C# and C++ are both statically typed and strongly typed, although C# more than C++ in practice.


Hard to argue with an argument which isn’t internally coherent.

Poorly, though, and with lots of edge cases and foot guns to make you miserable once your code calls out to numpy or gets some JSON.

Tell me more please: how does one use types in Python? Unfortunately I write Python professionally these days (it is the language that has all the libraries) and hate it with a passion.

mypy is the simplest/oldest option, look into pyright and ty, too.

install uv and then

    uvx mypy
should do the rest.

If you care about the type of a parameter you can just add an assertion in the method /s

Good luck using static typing to model many real world unit tests for the programming languages people use most. I start with an easy example: those records should be sorted by date of birth. We can move on to more complicated scenarios.

> "records should be sorted by date of birth."

What's wrong with C#'s:

    System.Collections.Generic.SortedList<DoBDateTime, PersonRecord>

?

The comment didn’t claim that types are a stand in for tests either! IMO, they are orthogonal.

The comment explicitly set out to refute the idea "...that unit testing is just as good as type checking" by describing the former as simply inferior.

No. They refuted the claim that "a static type check is just a stand-in for a unit test". That is a claim that you can just remove your type checks and replace them with unit tests at no loss. The comment stated that removing a type check just so you can replace it with a unit test is inferior. The prior state was already pre-supposed to have a type check/type checkable condition that you could replace.

That is the literal converse of the claim in the response to that comment arguing that the comment stated that all unit tests can be replaced with type checks. Those are not at all the same claim.

To make it even more clear the comment said: I saw a talk that said Type Check -> Unit Test. I said that is silly.

Response said: Unit Test -> Type Check is not reasonable. So clearly your claim that Type Check -> Unit Test is silly is wrong.


No one claims that types are a stand in for all unit tests.

They stand in for the banal unit tests.


> A static type check doesn't stand in for "a" unit test; static typing stands in for an unbounded number of unit tests.

You have conflated "a static type check" with "static typing". Unit tests stand in, in the same way, for an unbounded number of states of real-world input. They're simply being subjected to a trial verification system rather than a proof system. It turns out that writing proofs is not very many people's idea of a good time, even in the programming world. And the concept of "type" that's normally grokked is anemic anyway.

> Put another way...

Rhetoric like this is unconvincing and frankly insulting. You pass off your taste and opinion as fact, while failing to understand opposed arguments.
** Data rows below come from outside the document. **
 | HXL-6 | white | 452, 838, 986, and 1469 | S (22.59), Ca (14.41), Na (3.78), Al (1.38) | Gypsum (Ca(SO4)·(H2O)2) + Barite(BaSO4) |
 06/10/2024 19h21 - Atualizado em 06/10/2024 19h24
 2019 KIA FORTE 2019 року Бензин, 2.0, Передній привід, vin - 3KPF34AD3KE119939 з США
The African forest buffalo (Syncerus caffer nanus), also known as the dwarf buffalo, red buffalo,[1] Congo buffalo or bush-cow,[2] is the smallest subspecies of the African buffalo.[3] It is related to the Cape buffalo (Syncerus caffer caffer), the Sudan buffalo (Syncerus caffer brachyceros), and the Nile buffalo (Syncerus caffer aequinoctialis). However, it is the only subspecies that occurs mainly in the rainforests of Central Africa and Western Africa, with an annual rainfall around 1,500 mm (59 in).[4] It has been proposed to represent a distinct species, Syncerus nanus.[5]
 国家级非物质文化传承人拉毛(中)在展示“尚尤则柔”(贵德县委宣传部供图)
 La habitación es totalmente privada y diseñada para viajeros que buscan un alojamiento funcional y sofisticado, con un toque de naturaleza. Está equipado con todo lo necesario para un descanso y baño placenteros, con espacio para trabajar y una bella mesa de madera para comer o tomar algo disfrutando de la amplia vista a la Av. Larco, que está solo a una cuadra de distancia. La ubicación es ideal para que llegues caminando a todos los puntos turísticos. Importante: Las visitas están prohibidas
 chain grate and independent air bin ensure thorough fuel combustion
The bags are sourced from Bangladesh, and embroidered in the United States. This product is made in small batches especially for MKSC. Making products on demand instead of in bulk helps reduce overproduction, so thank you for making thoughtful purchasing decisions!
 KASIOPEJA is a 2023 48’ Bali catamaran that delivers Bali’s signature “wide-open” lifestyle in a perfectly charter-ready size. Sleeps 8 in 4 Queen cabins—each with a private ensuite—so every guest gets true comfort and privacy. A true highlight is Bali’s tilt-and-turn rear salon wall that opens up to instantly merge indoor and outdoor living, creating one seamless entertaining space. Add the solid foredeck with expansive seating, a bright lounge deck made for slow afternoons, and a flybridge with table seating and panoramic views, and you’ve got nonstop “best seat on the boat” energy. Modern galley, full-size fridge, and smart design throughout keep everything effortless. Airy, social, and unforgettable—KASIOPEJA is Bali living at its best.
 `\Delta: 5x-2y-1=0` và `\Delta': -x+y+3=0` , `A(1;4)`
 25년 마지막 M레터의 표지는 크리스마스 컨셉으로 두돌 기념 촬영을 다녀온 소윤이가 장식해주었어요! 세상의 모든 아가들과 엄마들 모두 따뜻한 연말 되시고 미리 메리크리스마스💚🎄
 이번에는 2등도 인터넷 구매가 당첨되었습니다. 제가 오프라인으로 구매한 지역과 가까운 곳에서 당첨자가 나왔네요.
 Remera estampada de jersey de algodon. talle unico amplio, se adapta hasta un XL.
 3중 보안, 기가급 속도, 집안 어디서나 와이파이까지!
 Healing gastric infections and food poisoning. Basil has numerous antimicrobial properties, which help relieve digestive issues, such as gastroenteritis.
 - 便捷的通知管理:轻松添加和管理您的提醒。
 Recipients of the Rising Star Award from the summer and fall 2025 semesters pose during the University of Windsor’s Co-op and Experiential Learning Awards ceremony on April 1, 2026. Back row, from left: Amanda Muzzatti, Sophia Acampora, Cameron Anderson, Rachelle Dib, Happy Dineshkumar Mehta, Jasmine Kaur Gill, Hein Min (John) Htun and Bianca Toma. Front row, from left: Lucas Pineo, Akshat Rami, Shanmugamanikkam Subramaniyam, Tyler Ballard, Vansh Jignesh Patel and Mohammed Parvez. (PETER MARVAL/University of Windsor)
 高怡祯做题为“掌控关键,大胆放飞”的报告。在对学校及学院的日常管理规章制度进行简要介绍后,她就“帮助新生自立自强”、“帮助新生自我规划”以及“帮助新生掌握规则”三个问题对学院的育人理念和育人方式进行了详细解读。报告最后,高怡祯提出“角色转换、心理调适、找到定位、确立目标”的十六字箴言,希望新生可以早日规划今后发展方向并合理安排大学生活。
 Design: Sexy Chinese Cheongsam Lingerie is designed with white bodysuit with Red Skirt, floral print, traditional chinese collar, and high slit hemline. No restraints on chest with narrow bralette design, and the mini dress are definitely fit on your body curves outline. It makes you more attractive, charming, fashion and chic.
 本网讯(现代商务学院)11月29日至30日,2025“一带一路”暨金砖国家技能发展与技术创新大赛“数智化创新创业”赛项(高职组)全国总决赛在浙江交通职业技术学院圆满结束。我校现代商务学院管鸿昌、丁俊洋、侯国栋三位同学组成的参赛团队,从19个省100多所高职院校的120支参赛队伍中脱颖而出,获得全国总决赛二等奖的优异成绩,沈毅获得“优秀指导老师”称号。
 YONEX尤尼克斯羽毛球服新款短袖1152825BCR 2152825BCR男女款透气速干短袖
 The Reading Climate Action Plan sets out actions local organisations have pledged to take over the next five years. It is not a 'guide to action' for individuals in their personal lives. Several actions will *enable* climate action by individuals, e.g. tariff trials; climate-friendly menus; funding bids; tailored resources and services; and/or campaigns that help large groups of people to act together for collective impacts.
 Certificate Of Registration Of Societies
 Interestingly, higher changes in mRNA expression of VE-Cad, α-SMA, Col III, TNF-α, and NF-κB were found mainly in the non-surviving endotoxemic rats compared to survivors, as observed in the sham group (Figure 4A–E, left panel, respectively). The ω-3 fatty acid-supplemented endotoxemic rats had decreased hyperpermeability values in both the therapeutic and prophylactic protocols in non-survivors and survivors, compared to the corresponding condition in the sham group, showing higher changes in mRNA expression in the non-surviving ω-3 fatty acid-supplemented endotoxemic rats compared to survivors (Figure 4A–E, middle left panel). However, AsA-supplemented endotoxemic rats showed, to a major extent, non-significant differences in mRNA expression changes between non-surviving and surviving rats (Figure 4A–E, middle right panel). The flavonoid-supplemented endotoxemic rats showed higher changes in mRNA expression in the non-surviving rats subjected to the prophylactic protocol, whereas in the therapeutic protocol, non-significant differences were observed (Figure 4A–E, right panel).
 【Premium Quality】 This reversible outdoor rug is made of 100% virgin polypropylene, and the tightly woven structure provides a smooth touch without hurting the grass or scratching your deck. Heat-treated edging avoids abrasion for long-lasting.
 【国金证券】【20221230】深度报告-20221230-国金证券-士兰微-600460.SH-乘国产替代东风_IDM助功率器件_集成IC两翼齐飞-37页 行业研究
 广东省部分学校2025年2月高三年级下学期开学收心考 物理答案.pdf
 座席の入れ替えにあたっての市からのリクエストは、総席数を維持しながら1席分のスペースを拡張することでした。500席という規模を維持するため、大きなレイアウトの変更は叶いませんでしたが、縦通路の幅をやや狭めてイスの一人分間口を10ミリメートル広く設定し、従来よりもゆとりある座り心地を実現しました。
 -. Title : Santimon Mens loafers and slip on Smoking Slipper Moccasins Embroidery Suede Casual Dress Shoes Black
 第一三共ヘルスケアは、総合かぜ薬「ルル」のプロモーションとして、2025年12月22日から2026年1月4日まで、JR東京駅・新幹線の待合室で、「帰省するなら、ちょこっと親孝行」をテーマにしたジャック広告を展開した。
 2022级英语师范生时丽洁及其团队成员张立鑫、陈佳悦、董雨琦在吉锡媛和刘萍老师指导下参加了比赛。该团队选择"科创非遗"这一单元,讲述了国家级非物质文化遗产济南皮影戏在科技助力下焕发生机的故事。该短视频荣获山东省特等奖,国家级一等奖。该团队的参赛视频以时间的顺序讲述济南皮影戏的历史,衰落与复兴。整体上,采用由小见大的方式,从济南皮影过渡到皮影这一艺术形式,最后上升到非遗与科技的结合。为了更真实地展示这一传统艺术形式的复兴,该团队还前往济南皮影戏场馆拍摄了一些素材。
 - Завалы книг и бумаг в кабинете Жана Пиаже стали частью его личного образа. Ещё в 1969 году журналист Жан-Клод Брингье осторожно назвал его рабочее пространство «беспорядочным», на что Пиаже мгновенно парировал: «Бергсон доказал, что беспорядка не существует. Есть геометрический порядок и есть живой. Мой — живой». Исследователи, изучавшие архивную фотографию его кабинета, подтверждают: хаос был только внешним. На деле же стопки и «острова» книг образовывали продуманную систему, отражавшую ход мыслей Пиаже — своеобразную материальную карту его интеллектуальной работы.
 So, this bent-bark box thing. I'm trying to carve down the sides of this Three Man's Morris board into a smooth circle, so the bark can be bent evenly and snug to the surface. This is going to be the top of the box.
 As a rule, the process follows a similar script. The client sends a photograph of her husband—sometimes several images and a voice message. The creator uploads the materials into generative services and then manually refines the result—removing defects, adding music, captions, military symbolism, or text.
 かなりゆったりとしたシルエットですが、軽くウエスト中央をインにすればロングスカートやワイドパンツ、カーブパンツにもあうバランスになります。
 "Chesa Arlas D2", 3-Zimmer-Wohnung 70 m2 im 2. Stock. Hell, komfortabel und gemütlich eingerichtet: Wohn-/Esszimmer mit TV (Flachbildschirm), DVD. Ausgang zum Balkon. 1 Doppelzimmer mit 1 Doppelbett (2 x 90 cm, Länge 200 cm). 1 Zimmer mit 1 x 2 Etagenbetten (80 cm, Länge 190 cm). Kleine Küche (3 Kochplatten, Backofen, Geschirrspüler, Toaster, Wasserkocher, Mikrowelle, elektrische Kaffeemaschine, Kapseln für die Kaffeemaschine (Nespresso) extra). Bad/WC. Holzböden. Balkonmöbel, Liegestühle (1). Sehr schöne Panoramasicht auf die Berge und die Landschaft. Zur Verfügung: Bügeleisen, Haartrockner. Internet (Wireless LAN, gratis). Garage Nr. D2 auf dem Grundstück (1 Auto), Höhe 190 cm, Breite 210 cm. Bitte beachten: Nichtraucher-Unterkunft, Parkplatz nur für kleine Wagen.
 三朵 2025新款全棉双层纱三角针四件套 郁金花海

The author is in the comfortable position of working on a system that does have a formal specification and a formally verified reference implementation. The post is not about how they wish things would work, but how their existing system (Cedar) works.

Regarding your point on Rust, the vast majority of software has nowhere near the amount of static guarantees provided by Rust. If you need more, use static memory allocation, that's what people do for safety critical systems. By the way, it seems that Rust aborts on OOM errors, not panics: https://github.com/rust-lang/rust/issues/43596


I think it's possible to write correct systems with dynamic languages, just not the ones we commonly use like Python and JavaScript. I find Clojure, for example to be one example of a dynamic language that is pretty easy to manage and I attribute that to the immutable nature and data-centric ethos. I'm sure there are other dynamic languages that would work as well.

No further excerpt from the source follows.